Suppose that $\mathrm{gcd}(a,a+b+c)=\mathrm{gcd}(b,a+b+c)=\mathrm{gcd}(c,a+b+c)=1$. Then for $n=k\cdot \phi(a+b+c)+1 \, (k=1,2, \ldots )$, where $\phi$ is Euler's function, we have: $$ (a^n+b^n+c^n)-(a^2+b^2+c^2)=a^2 (a^{n-1}-1) + b^2 (b^{n-1}-1) + c^2 (c^{n-1}-1), $$ where all round brackets are divisible by $a+b+c$ according to Euler theorem. Therefore $(a+b+c) \mid (a^n+b^n+c^n)$ for all these $n$.
Solution 3:
There's one more solution (it isn't mine). One can even prove that $(a + b + c) \mid (a^n + b^n + c^n)$ for all $n=3k+1$ and $n=3k+2$. It's enough to prove that $a + b + c \mid a^n + b^n + c^n$ => $a + b + c \mid a^{n+3} + b^{n+3} + c^{n+3}$. The proof is here: https://vk.com/doc104505692_416031961?hash=3acf5149ebfb5338b5&dl=47a3df498ea4bf930e (unfortunately, it's in Russian but it's enough to look at the formulae). One point which may need commenting: $(ab+bc+ca)(a^{n-2} + b^{n-2} + c^{n-2})$ is always divisible by $(a+b+c)$ (it's necessary to consider 2 cases: $(a+b+c)$ is odd and $(a+b+c)$ is even).
Solution 4:
If $a,b,c,n\in\Bbb Z_{\ge 1}$, $a+b+c\mid a^2+b^2+c^2$, then $$a+b+c\mid a^n+b^n+c^n$$
is true when $n\nmid 3$, but not necessarily when $n\mid 3$.

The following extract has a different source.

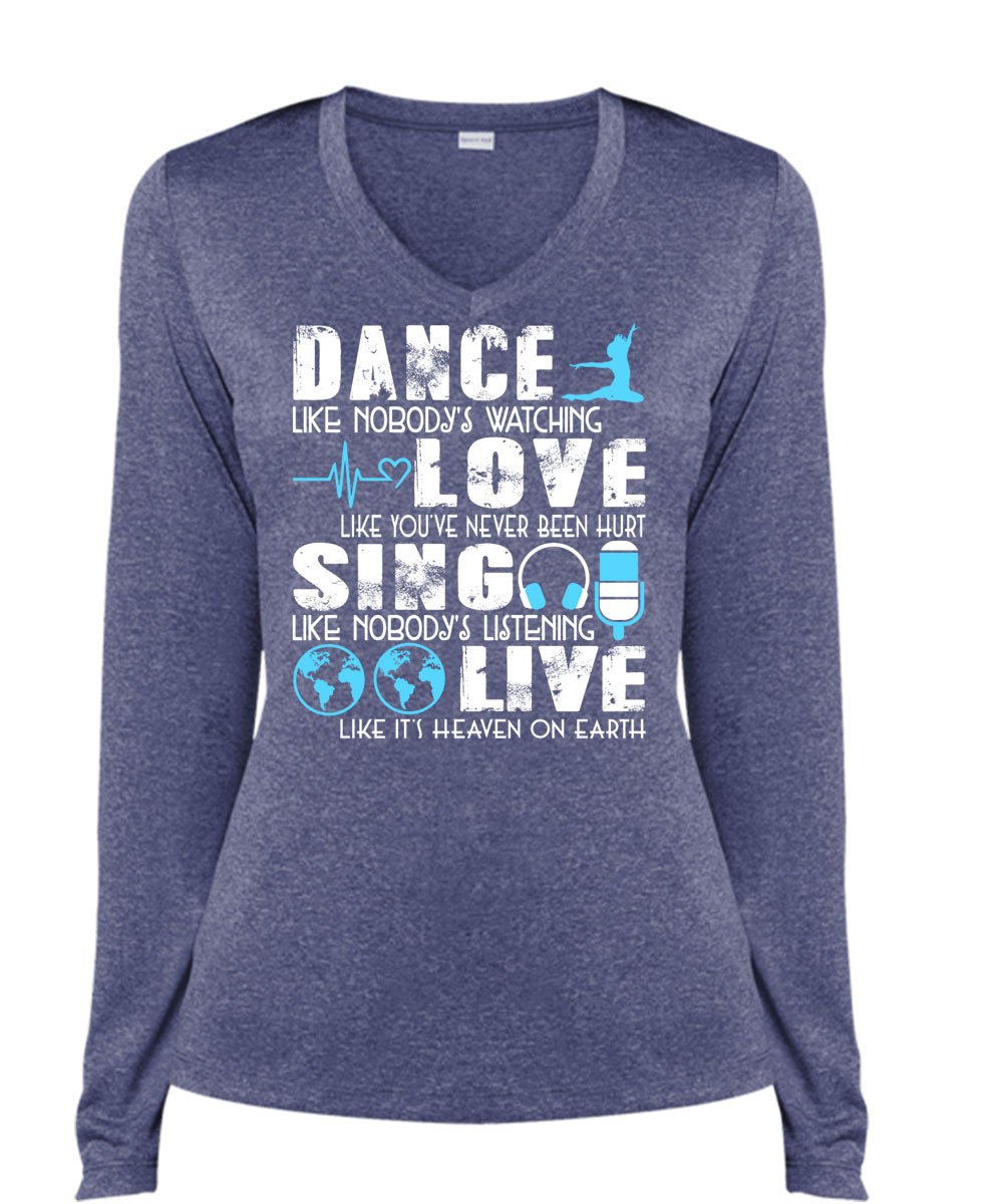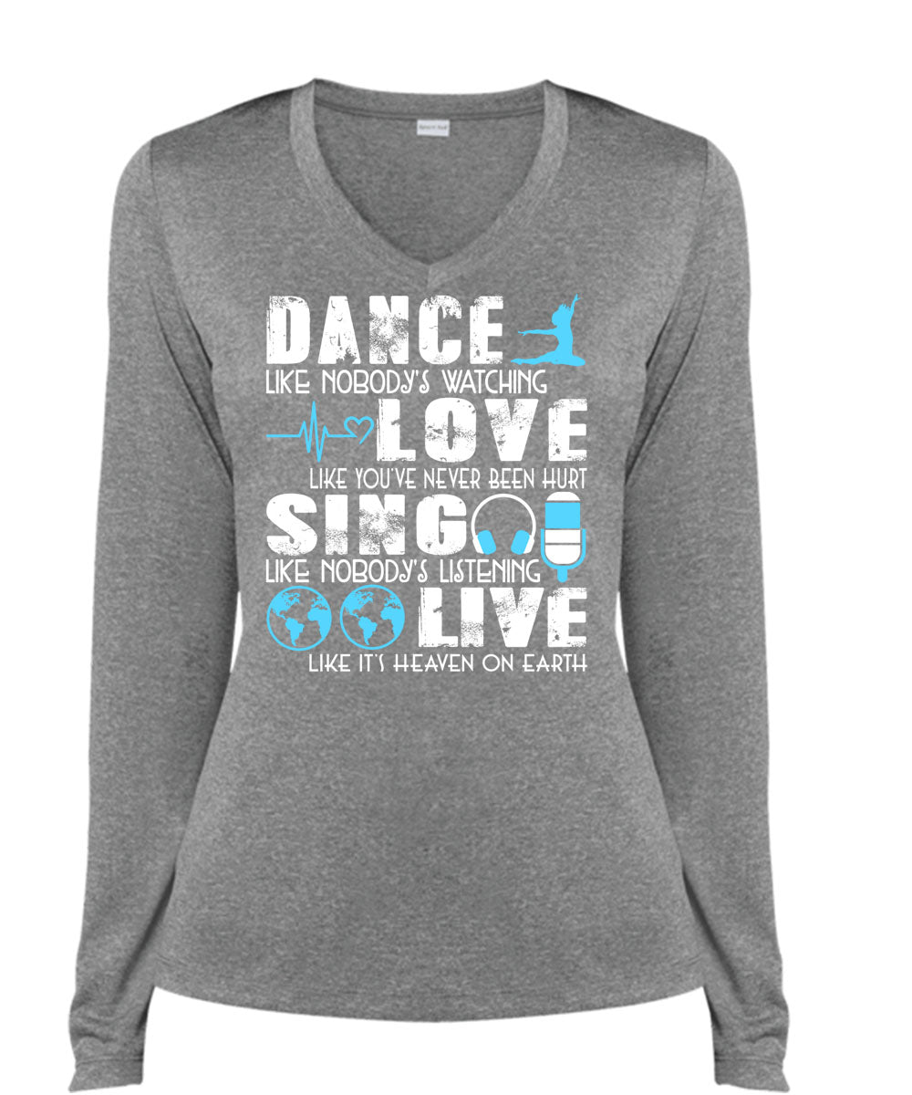 Dance Like Nobody's Watching Love T Shirt, Sing Like Nobody's Listening T Shirt, Cool Shirt (Ladies LS Heather V-Neck)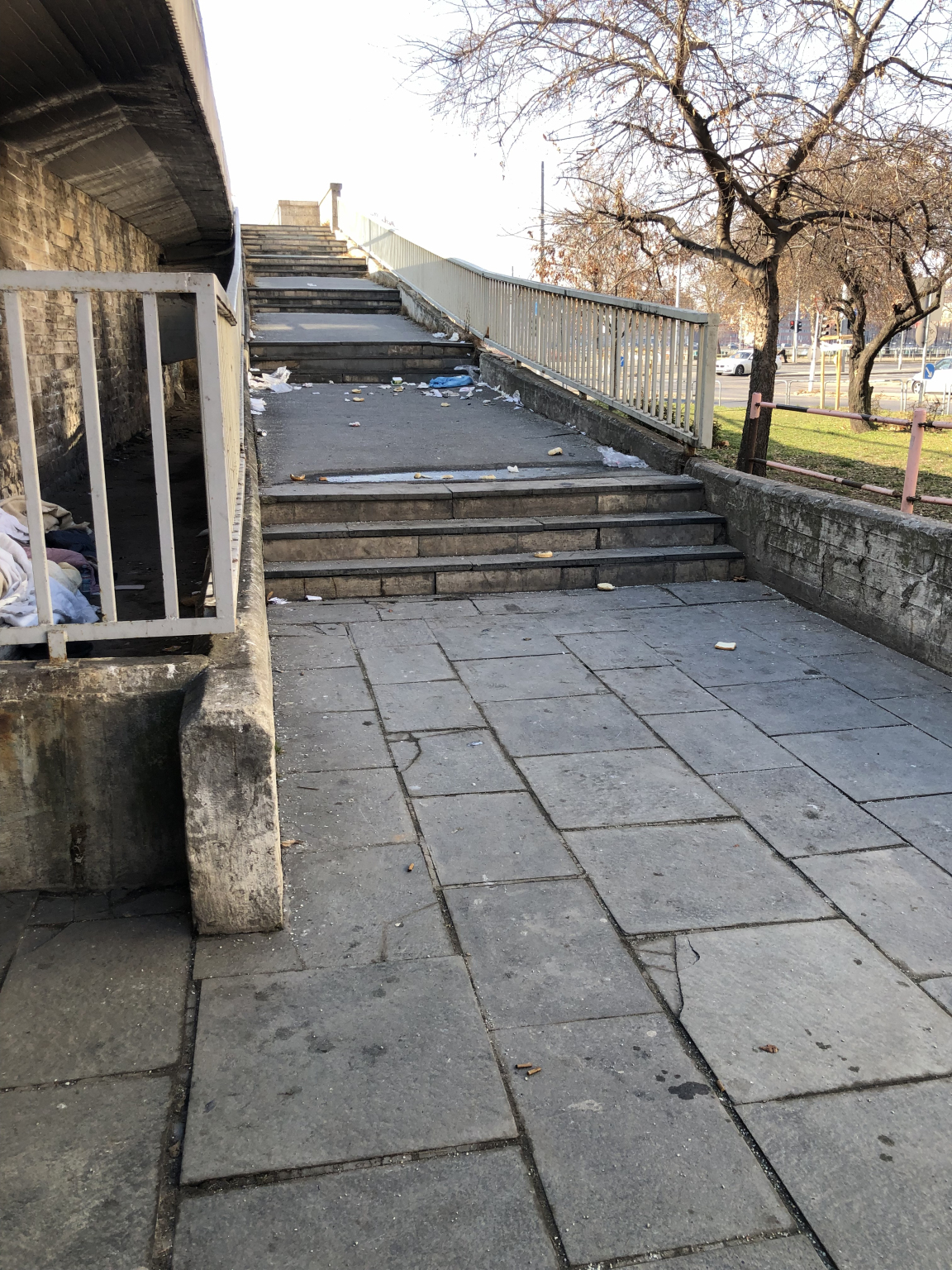 A Petőfi híd pesti hídfőjének északi oldalán nagyon szemetes a lépcső.

$$x^2+y^2+z^2+2(xy+yz+zx)=(x+y+z)^2$$
$$\implies x+y+z\mid 2(xy+yz+zx)$$
$$\implies x+y+z\mid (x^k+y^k+z^k)(xy+yz+zx)$$
for all $k\ge 1$ (to see why, check cases when $x+y+z$ is even and when it's odd).
$$x^{n+3}+y^{n+3}+z^{n+3}=(x^{n+2}+y^{n+2}+z^{n+2})(x+y+z)$$
$$-(x^{n+1}+y^{n+1}+z^{n+1})(xy+yz+zx)+(x^n+y^n+z^n)xyz$$
for all $n\ge 1$. We know $$x+y+z\mid (x^{n+2}+y^{n+2}+z^{n+2})(x+y+z)$$
$$-(x^{n+1}+y^{n+1}+z^{n+1})(xy+yz+zx)$$
Now let $(x,y,z)=(x_1,y_1,z_1)=(1,3,9)$. $$x_1+y_1+z_1\nmid x_1^3+y_1^3+z_1^3$$ $$x_1+y_1+z_1\nmid \left(x_1^3+y_1^3+z_1^3\right)x_1y_1z_1$$ $$\implies x_1+y_1+z_1\nmid x_1^6+y_1^6+z_1^6$$
Since $x_1+y_1+z_1$ is coprime to $x_1,y_1,z_1$, we get $$x_1+y_1+z_1\nmid (x_1^6+y_1^6+z_1^6)x_1y_1z_1,$$
and so $x_1+y_1+z_1\nmid x_1^9+y_1^9+z_1^9$, etc.
Therefore $x+y+z$ cannot generally (for all $x,y,z\in\mathbb Z_{\ge 1}$) divide $x^{3m}+y^{3m}+z^{3m}$ for any given $m\ge 1$.
However, we easily get $x+y+z$ always divides $x^n+y^n+z^n$ for $n$ not divisible by $3$,
because $x+y+z\mid (x+y+z)xyz$ and $x+y+z\mid \left(x^2+y^2+z^2\right)xyz$,
because $x+y+z\mid x^2+y^2+z^2$ (given), so $x+y+z\mid x^4+y^4+z^4, x^5+y^5+z^5$,
so $x+y+z\mid \left(x^4+y^4+z^3\right)xyz, \left(x^5+y^5+z^5\right)xyz$,
so $x+y+z\mid x^7+y^7+z^7, x^8+y^8+z^8$, etc.